İşte daha evvel câhiliyye insanı nasıl yarı vahşî insanlardı. Hak-hukuk denilen hiçbir şey yoktu. Güç, güçlüye aitti her şey, güçsüzün hiçbir şeyi yoktu. O insanlar nasıl medeniyette bir zirve oldular, bir asr-ı saâdet medeniyeti. Yok dünyada öyle bir medeniyet…

Velhâsıl tezkiye, “lâ ilâhe” ile başlıyor îman. Baştan, Allah’tan uzaklaştırıcı her şeyden kul kaçacak. Put olmayacak kalbinde.

Kimi zaman, nefsânî arzular put hâline geliyor. Parası putu oluyor. Makam-mevkî put oluyor. Fânî menfaatler put oluyor. Şan-şöhret put oluyor. Karşı cinsteki aşırı duygular onun putu oluyor. Allâh’a olan abdiyetten/kulluktan uzaklaştırıyor onu.
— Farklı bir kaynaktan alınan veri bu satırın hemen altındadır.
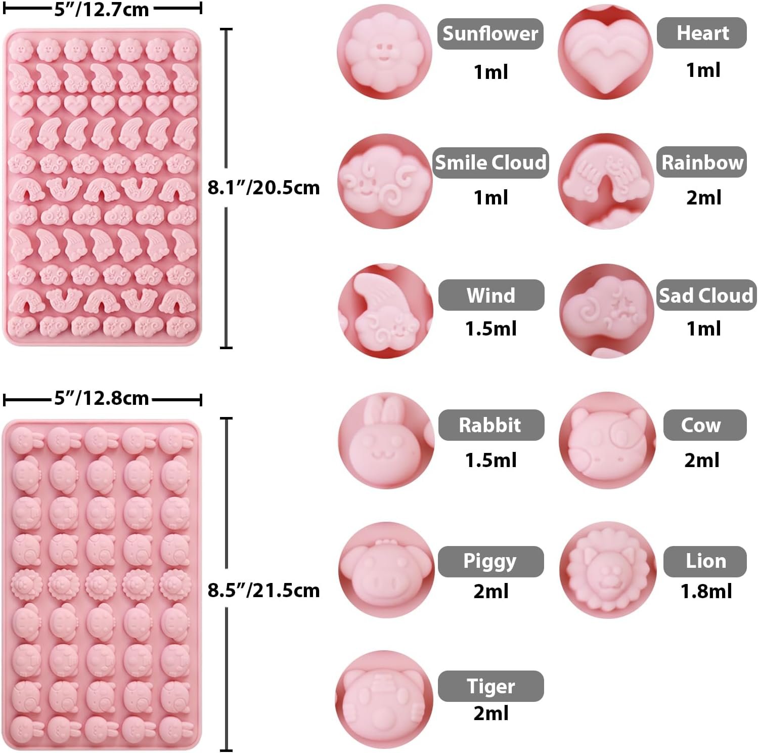 Adorable & Proper Size- our gummy candy molds measures 8.5” x 5”. The height is 0.5 inch for 0.5-3 ml depending on the animal shape. Kids will love it when it pop out with good detail shape.

Cenâb-ı Hak kulluğu kendisine istiyor. Onun için, peygamberler, tezkiye ediyor, temizliyor. Ki o kalp Cenâb-ı Hakk’ın nazargâh-ı ilâhîsi olacak o kalp. Allâh’ın emrini îfâ etmeye keyfî kararlar kaldırılıyor. İlâhî hakîkatlere ters düşen “bana göre”, bu siliniyor kalpten. “Bana göre” yok, “Cenâb-ı Hak böyle emretti, Allah Rasûlü Sünnet-i Seniyye böyledir…” “Bence” yok, İslâm hükümlerine uymayan “bence” yok. Bunlar îmânı sakatlıyor.

Cenâb-ı Hak:

“Hevâ hevesini (yani kötü duygularını, ihtiraslarını) ilâh hâline getirenleri gördün mü?..” (el-Furkân, 43) buyuruyor. “Hevâ hevesini ilâh hâline getirenleri gördün mü?..” (el-Furkân, 43) buyuruyor.

Nedir, hep bu kötü vasıflar, çirkin vasıflar, şeytânî vasıflar…
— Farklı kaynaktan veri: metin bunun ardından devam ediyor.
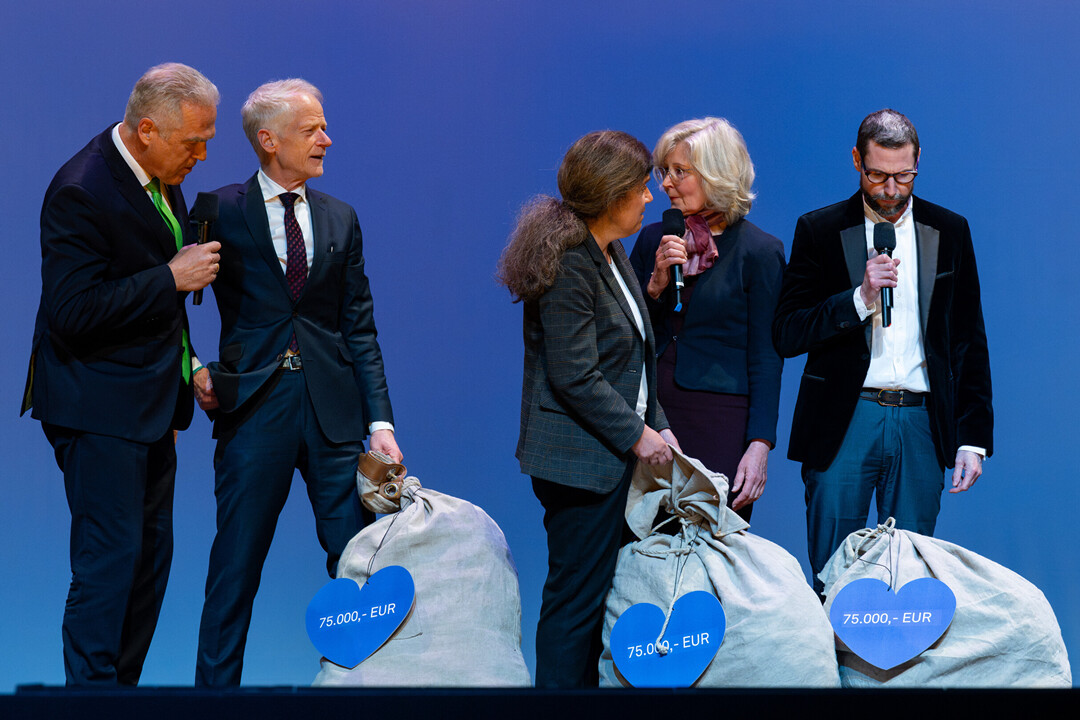 Am Sonntag, 30. März 2025, feierten die Freunde und Förderer des Nationaltheaters Mannheim e. V. mit einem Festakt im OPAL (Oper am Luisenpark) ihr Jubiläum »75 Jahre Freundschaft«. Im Rahmen der Jubiläumsgala übergaben Christian Haas, Petra Eder und Prof. Heidrun Deborah Kämper in ihrer Funktion als Geschäftsführender Vorstand zusammen mit ihren Vorstandsmitgliedern Matthias Bretschneider und Andreas Hilgenstock eine Großspende in Höhe von 225.000 Euro an die Nationaltheater-Intendanz Christian Holtzhauer, Tilmann Pröllochs, Albrecht Puhlmann, Stephan Thoss und Ulrike Stöck. Dies war einer der Höhepunkte im Jubiläumsjahr des Vereins und der Abschluss des vorangegangenem Spendenmarathons.

“…Sen onlara vekil değilsin (ey Peygamber!)(el-Furkân, 43) Cenâb-ı Hak buyuruyor. Onun için وَيُزَكِّيهِمْ (“…Onları (kötülüklerden) arındıran…” [Âl-i İmrân, 164]) Peygamber ne yapıyor, gönül âlemlerini temizliyor.

Yine Efendimiz buyuruyor:

“Ben sizin bundan sonra Allâh’a şirk koşmanızdan korkmuyorum. Ama dünya hırsıyla birbirinizle didişip çekişmenizden korkuyorum.” (Bkz. Buhârî, Cenâiz, 71)

Yine bir hadîs-i şerîfte buyruluyor:

“Allâh’a göre gök kubbe altında ibadet edilen sahte ilâhlar arasında peşine düşülen hevâdan daha ağırı ve daha kötüsü yoktur.” (Heysemî, I, 188)

İşte bunun da musibetleri gözüküyor.

Velhâsıl Cenâb-ı Hak ilk peygamberlere:

يَتْلُوا عَلَيْهِمْ اٰيَاتِهِ (“…Kendilerine Allah’ın âyetlerini okuyan…” [Âl-i İmrân, 164])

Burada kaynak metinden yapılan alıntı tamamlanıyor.